Chicago Public Schools Releases Five-Year Plan
The long-term plan is the first of its kind since Mayor Rahm Emanuel took office and aligns the entire district with the rigorous Common Core Curriculum by the 2014-15 school year.
By Noreen S. Ahmed-Ullah
An annual scorecard on the district's performance and greater accountability throughout the system are some of the promises outlined in the first long-term plan for Chicago Public Schools issued since Mayor Rahm Emanuel took office.
Schools CEO Barbara Byrd-Bennett vowed that the public will be able to track CPS' progress in areas including parental engagement and will also be able to see how many principals and teachers are rated as high performers, under guidelines in the five-year "action plan.
"We must hold every adult accountable to make decisions in the best interest of our children," Byrd-Bennett said Monday during a speech to education advocates at Westinghouse College Prep on the West Side.
The plan aligns the entire district with the rigorous Common Core Curriculum by the 2014-15 school year. CPS will integrate art at every grade level, and social and behavioral support systems will be provided for students who need them, under the plan.
CPS this year launched more rigorous teacher and principal evaluations, the results of which are expected to be available this summer.
The plan, the district's first since one issued by former interim CEO Terry Mazany in 2011, includes some initiatives the district has already implemented, like full-day kindergarten. The plan was less clear how other proposals, like training for parents, might be funded or implemented.
Also unclear is how the plan's call for more art education and support services will be executed. The district faces a budget deficit in the coming year of nearly $1 billion, in part because of pension payments that are expected to balloon, and principals, given great responsibility over spending at their schools this year, will be looking for areas to cut.
In a telephone meeting with the Tribune editorial board Monday, Byrd-Bennett said that if a principal is interested in behavioral programs but lacks the funds, the district will solicit money from the philanthropic community.
School board President David Vitale said the district has talked with state legislators about revenue options including raising property taxes beyond the current cap.
The education plan released Monday comes after two years of contentious debate over efforts to reform Chicago's public schools.
The Emanuel administration focused on increasing the length of the school day in its first year, then faced down the teachers union during a seven-day strike. This year, the district followed through on a plan to trim underutilized schools, approving a plan to close 49 elementary schools and one high school program.
The closing plan continues to be controversial, and the district will be under intense scrutiny when next school year begins over how it is implemented. Last week, the Tribune reported that enrollment figures for students from schools being closed may have been inflated because some school officials had signed up students without parental approval. Byrd-Bennett said the district "found little or no evidence of that."
"If, in fact, there is any evidence that someone wanted to inflate their numbers or do something that was inappropriate and without direction from this team, we'll do course correction and move forward," she told the editorial board.

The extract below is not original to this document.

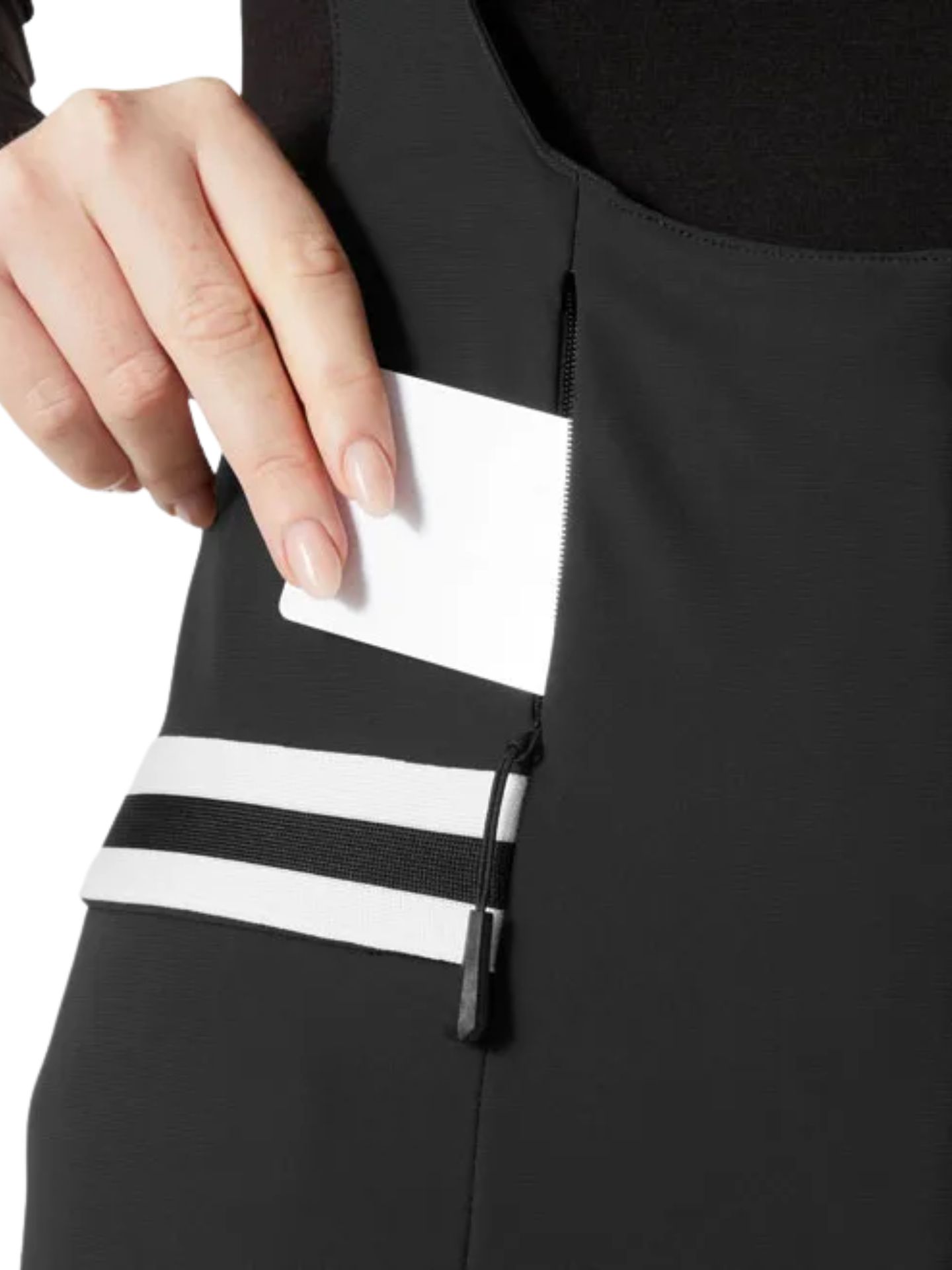 Spodnie w kroju Fitted (dopasowanym) o długości wewnętrznej nogawki 80 cm. Elegancki i opływowy kształt, wzmocnienia na dole nogawki oraz możliwość regulacji sprawiają, że są idealne dla wymagających narciarek. Wygodne, elastyczne szelki utrzymują spodnie na miejscu podczas dynamicznej jazdy.

Byrd-Bennett's education plan drew a quick rebuke from Chicago Teachers Union President Karen Lewis, who said it was put together "in the silo of CPS without any stakeholders at the table."
"It is amazing that CPS' first impulse, no matter who heads it, is toward an autocratic, top-down approach that people who actually work with kids are expected to implement without the appropriate resources or tools," Lewis said in a statement.
Byrd-Bennett said she has spoken with Lewis on many of the components of the plan including full-day kindergarten, reduction of assessment testing and intervention at failing neighborhood schools.
During the speech earlier in the day, she had a message for the district's critics:
"While I am aware that not every member of the community will always agree with all of the decisions I make, that is no excuse for disruption, that is no excuse to sit on the sidelines," she said.